The sides of a triangle are of lenths x*-y*, x*+y* and 2xy units respectively. Prove that the triangle is a right angled triangle
You must mean:
sides are x^2 - y^2 , x^2 + y^2 , and 2xy
assume x^2+y^2 is the hypotenuse
then
(x^2-y^2)^2 + (2xy)^2 = (x^2+y^2)^2
LS = x^4 - 2x^2y^2 + y^4 + 4x^2y^2
= x^4 + 2x^2y^2 + y^4
RS = x^4 + 2x^2y^2 + y^4
= LS
Q.E.D.
To prove that the given triangle is a right-angled triangle, we need to show that one of the angles in the triangle is a right angle (90 degrees).
Let's start by assuming that x > y, which means x* - y* > 0. (If y > x, we can simply swap the values of x and y in the calculations.)
The Pythagorean theorem states that in a right-angled triangle, the square of the hypotenuse (the side opposite the right angle) is equal to the sum of the squares of the other two sides.
So, let's calculate the square of each side:
1) (x* - y*)^2 = (x* - y*)(x* - y*) = x^2 + y^2 - 2xy
2) (x* + y*)^2 = (x* + y*)(x* + y*) = x^2 + y^2 + 2xy
3) (2xy)^2 = 4x^2y^2
Now, let's simplify and equate these expressions:
(x* - y*)^2 + (2xy)^2 = (x* + y*)^2
(x^2 + y^2 - 2xy) + 4x^2y^2 = x^2 + y^2 + 2xy
Simplifying further:
x^2 + y^2 - 2xy + 4x^2y^2 = x^2 + y^2 + 2xy
Rearranging terms:
4x^2y^2 - 2xy = 2xy
4x^2y^2 = 4xy
Dividing both sides by 4xy:
xy = 1
This tells us that the values of x and y are reciprocals of each other, i.e., x = 1/y.
Now, we can substitute this value into our equation for one of the sides of the triangle:
x* - y* = 1/y - y* = (1 - y^2)/y
Since the sides of a triangle cannot be negative, we can conclude that (1 - y^2)/y > 0.

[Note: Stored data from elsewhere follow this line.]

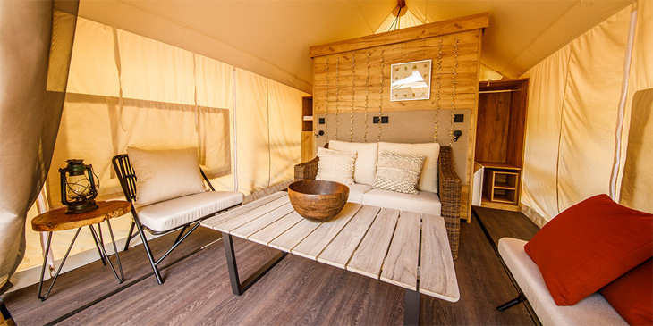 フランス製グランピングテントに滞在する1日1組限定の「グランピング宿泊&本格BBQディナープラン」のほか、ランチやディナーだけの日帰り利用も可能。グランピングテント内はWi-Fiも利用でき、細やかな部分までサービスが行き届いています。
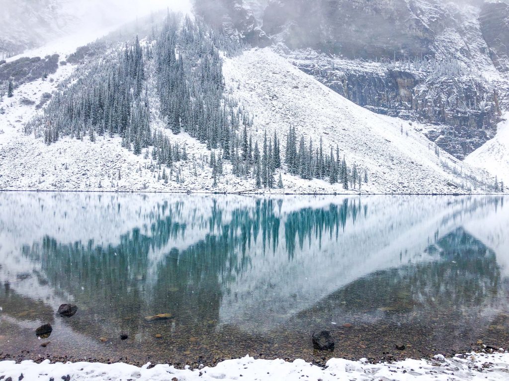 De dag ervan stond ik in alle vroegte op om de Hop on Hop off te pakken en de natuur rondom Banff te verkennen. In een oude gele schoolbus maakten we de eerste stop bij Johnston Canyon. Er werd nog even gewaarschuwd voor beren, dus de eerste meters bleef iedereen redelijk in de buurt. Iets verderop had je Johnston Canyon voor je zelf. Het was ondertussen begonnen met sneeuwen, dus blij met mijn wandelschoenen en winterjas trotseerde ik de verse sneeuw. Na het zien van de twee canyons liep ik weer terug naar de halte voor de Hop on Hop off. Tijd voor Lake Louise. Hier was het inmiddels zo hard gaan sneeuwen, dat het meer helaas niet meer zo blauw was als gehoopt. Ik besloot een wandeling te maken naar Lake Agnes. Al glibberend en met de muziek op de luidste stand wandelde ik die kant op. Onderweg begon het alleen maar meer te sneeuwen waardoor het nog best een uitdaging was om bergop te wandelen en vooral de weg terug naar beneden was af en toe een glibber partij. Na Lake Louise bracht ik een bezoek aan een van de mooiste meren van Banff National Park: Moraine Lake. Ondanks de sneeuw een parel en helderblauw.
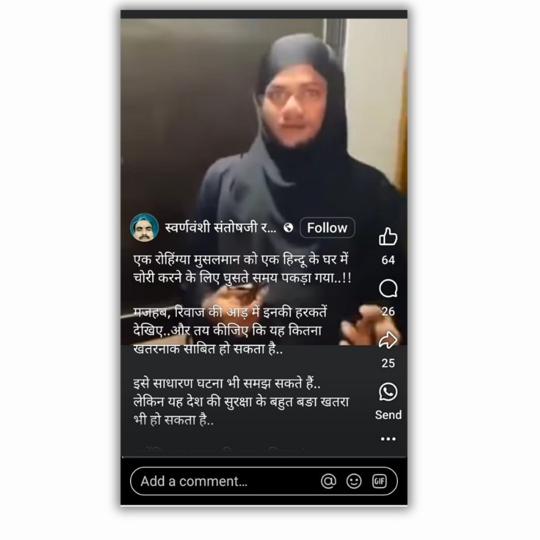 कई लोग इस वीडियो को मुस्लिमों पर तंज कसते हुए शेयर कर रहे हैं और इसे भारत का बता रहे हैं. मिसाल के तौर पर, एक व्यक्ति ने '#muslimmuktbhart' हैशटैग के साथ लिखा, "दुश्मन घर में रहेंगे तो साजिशे तो करेंगें ही मुस्लिमों का भारत देश में रहना ही ग़लत है". इसी तरह, एक अन्य फेसबुक यूजर ने लिखा, "यह देश की सुरक्षा के बहुत बङा खतरा भी हो सकता है.. क्योंकि इस युवक की तरह हथियारबंद आतंकवादी भी इसी प्रकार बुरके का इस्तेमाल कर सुरक्षाबलों को भ्रम में डाल सकते हैं.. सार्वजनिक जगहों पर सुरक्षा के लिहाज से आप बुर्का हटा इनकी जांच भी नहीं कर सकते.. इस्लाम और लोकतंत्र एक झटके में खतरे में आ जाता है.. कांग्रेस, सपा, राजद जैसे इनके सेक्यूलर फौरन विधवा विलाप करने लगते हैं".
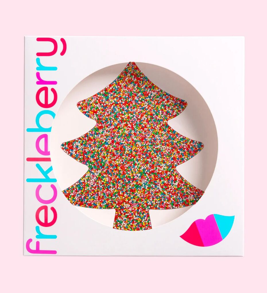 Bring extra sparkle to the festive season with our Christmas Giant Freckle Tree! Handmade from rich Belgian milk chocolate and topped with colourful sprinkles, this show-stopping treat makes a perfect Christmas gift or a decadent indulgence for yourself.
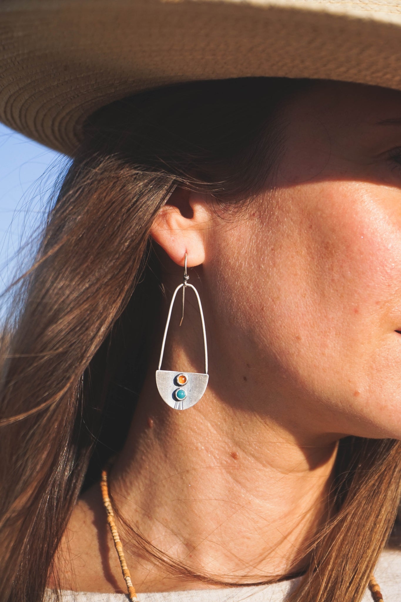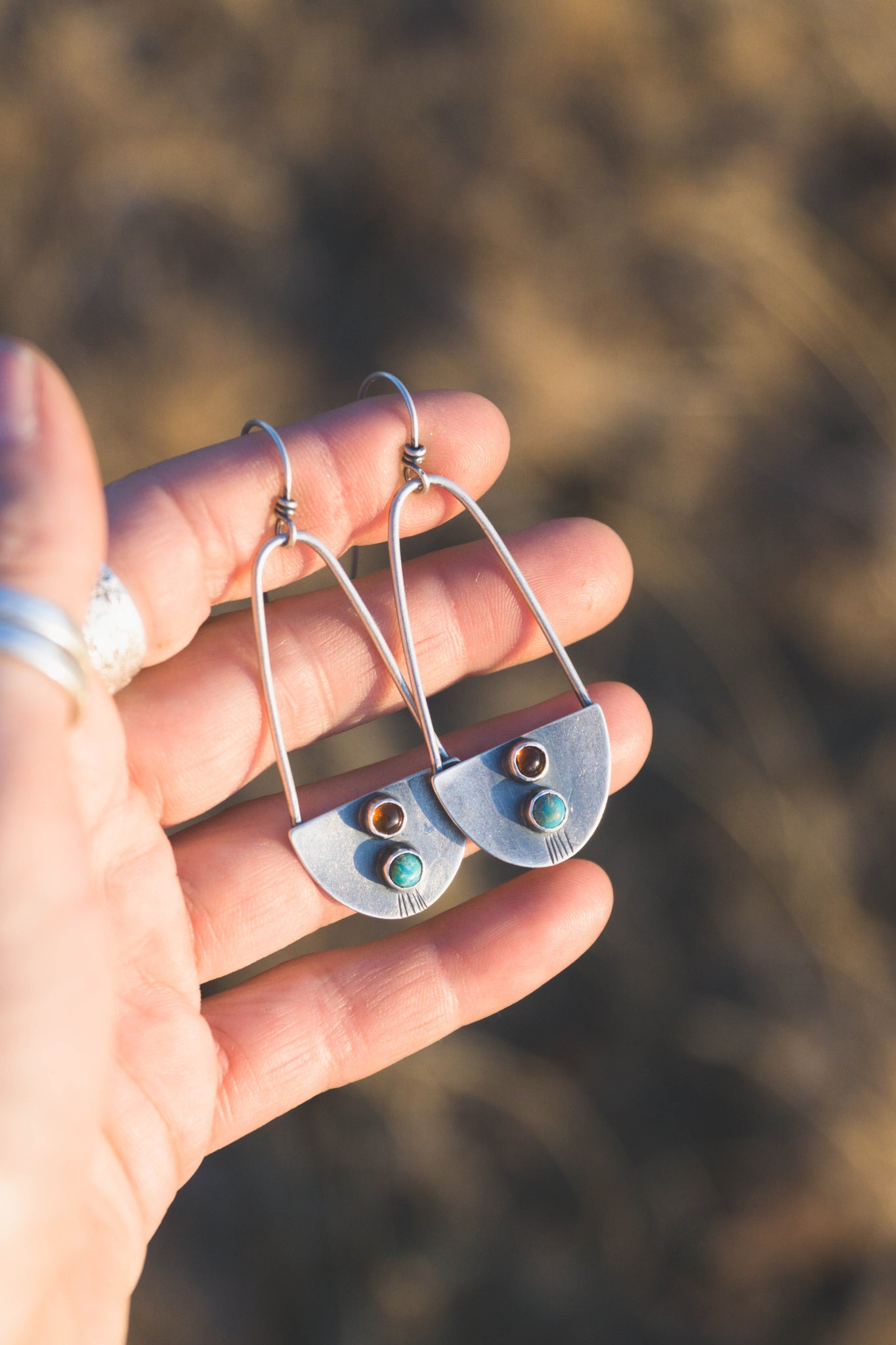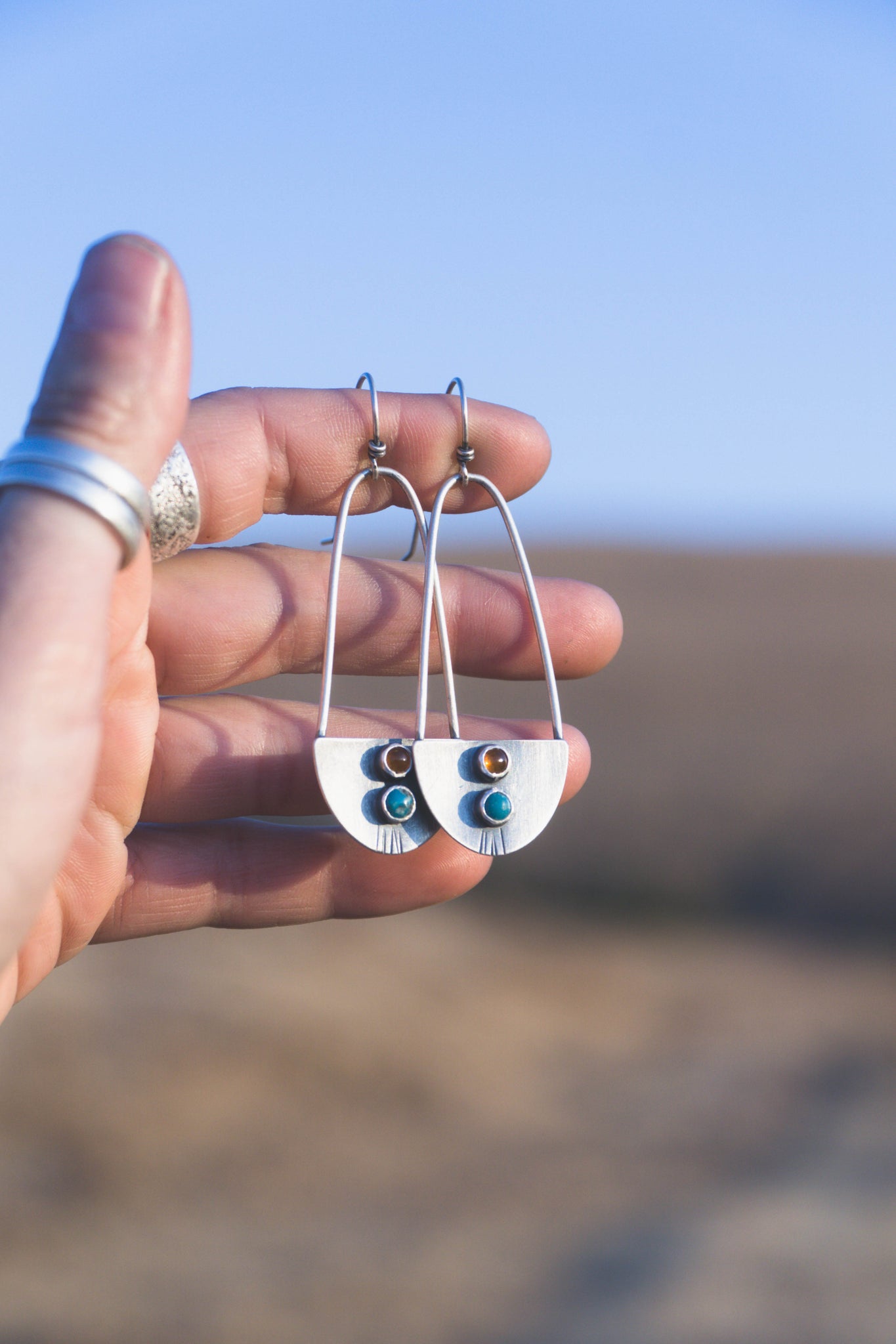 Summer storms are my favorite and we had a doozy of a thunder and lightning storm about a month back. This design was first inspired by some earrings I made waaaay way back for my long time friend, Melissa. I updated this pair with dual stones; one warm baltic amber paired with one sonoran turquoise. They measure about 2.5 inches and at only 3.5 grams they feel light as air in the ear.

So, we have shown that one of the sides of the triangle is positive, while the other two sides are positive.
Based on this, we can conclude that the triangle is a right-angled triangle, with the angle opposite the side (x* - y*) being the right angle.
Thus, the proof is complete.
To prove that the triangle is a right-angled triangle, we need to show that one of the angles in the triangle is equal to 90 degrees.
We are given the lengths of the three sides of the triangle as x*-y*, x*+y*, and 2xy units, respectively. Let's label these sides as a, b, and c, respectively, where:
a = x*-y*
b = x*+y*
c = 2xy
To proceed with the proof, we will use the Pythagorean theorem, which states that the square of the hypotenuse (the side opposite the right angle) is equal to the sum of the squares of the other two sides.
According to the Pythagorean theorem, for a right-angled triangle, the equation a^2 + b^2 = c^2 should hold true.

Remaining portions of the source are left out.